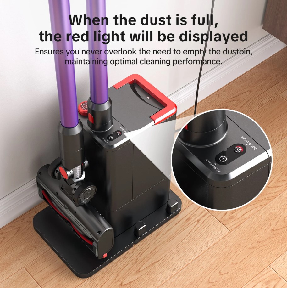 Integrované nabíjanie: Dokovacia stanica funguje ako aktívna nabíjačka. Hneď po odložení vysávača sa automaticky spustí proces dobíjania. Netreba tak hľadať kábel ani manuálne pripájať konektor, vďaka čomu je zariadenie neustále pripravené na ďalšie upratovanie.
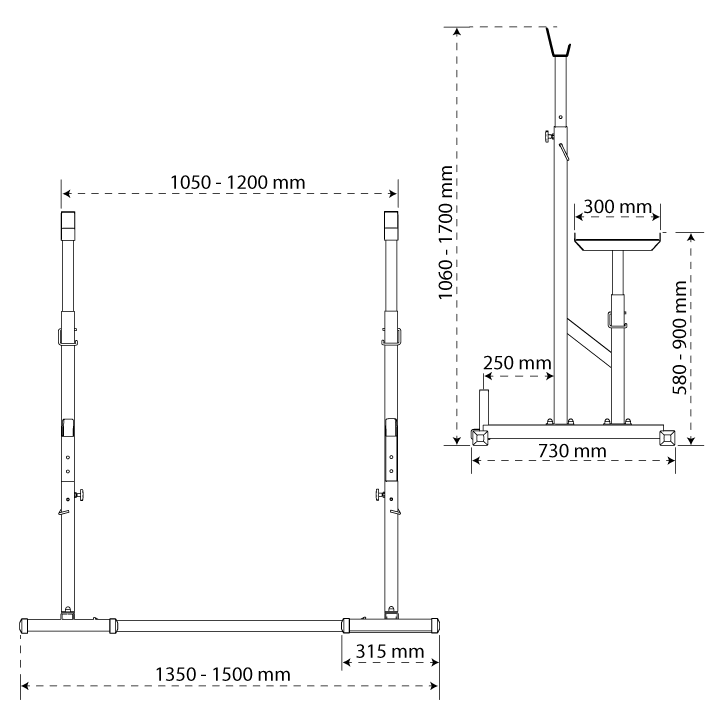 Сім рівнів регулювання на обох висотах стійки зі штангою дозволяють налаштувати обладнання відповідно до вашого росту та вправ, які ви збираєтеся виконувати. Стійки мають ідеальну висоту для жиму лежачи.
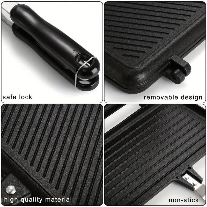 Discover the ultimate kitchen companion with the 1pc Non-stick Double-sided Frying Pan Sandwich with Handle. Designed for efficiency and convenience, this innovative pan features a double-sided cooking surface that allows you to prepare perfectly toasted sandwiches, pancakes, and more with ease. Its high-quality non-stick coating ensures food releases effortlessly while reducing the need for excessive oil, promoting healthier cooking. The ergonomic handle stays cool to the touch, enhancing safety and comfort during use. Crafted for even heat distribution, it delivers consistent cooking results every time. Ideal for busy mornings or quick snacks, this pan combines functionality with durability to elevate your culinary experience.
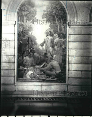 1935 Press Photo A mural of the purchase of Staten Island from Native Americans
══════════
> What to work on
Without the pictures, write out the listing exactly as it appears above.

> Output for this exercise
 Integrované nabíjanie: Dokovacia stanica funguje ako aktívna nabíjačka. Hneď po odložení vysávača sa automaticky spustí proces dobíjania. Netreba tak hľadať kábel ani manuálne pripájať konektor, vďaka čomu je zariadenie neustále pripravené na ďalšie upratovanie.
 Сім рівнів регулювання на обох висотах стійки зі штангою дозволяють налаштувати обладнання відповідно до вашого росту та вправ, які ви збираєтеся виконувати. Стійки мають ідеальну висоту для жиму лежачи.
 Discover the ultimate kitchen companion with the 1pc Non-stick Double-sided Frying Pan Sandwich with Handle. Designed for efficiency and convenience, this innovative pan features a double-sided cooking surface that allows you to prepare perfectly toasted sandwiches, pancakes, and more with ease. Its high-quality non-stick coating ensures food releases effortlessly while reducing the need for excessive oil, promoting healthier cooking. The ergonomic handle stays cool to the touch, enhancing safety and comfort during use. Crafted for even heat distribution, it delivers consistent cooking results every time. Ideal for busy mornings or quick snacks, this pan combines functionality with durability to elevate your culinary experience.
 1935 Press Photo A mural of the purchase of Staten Island from Native Americans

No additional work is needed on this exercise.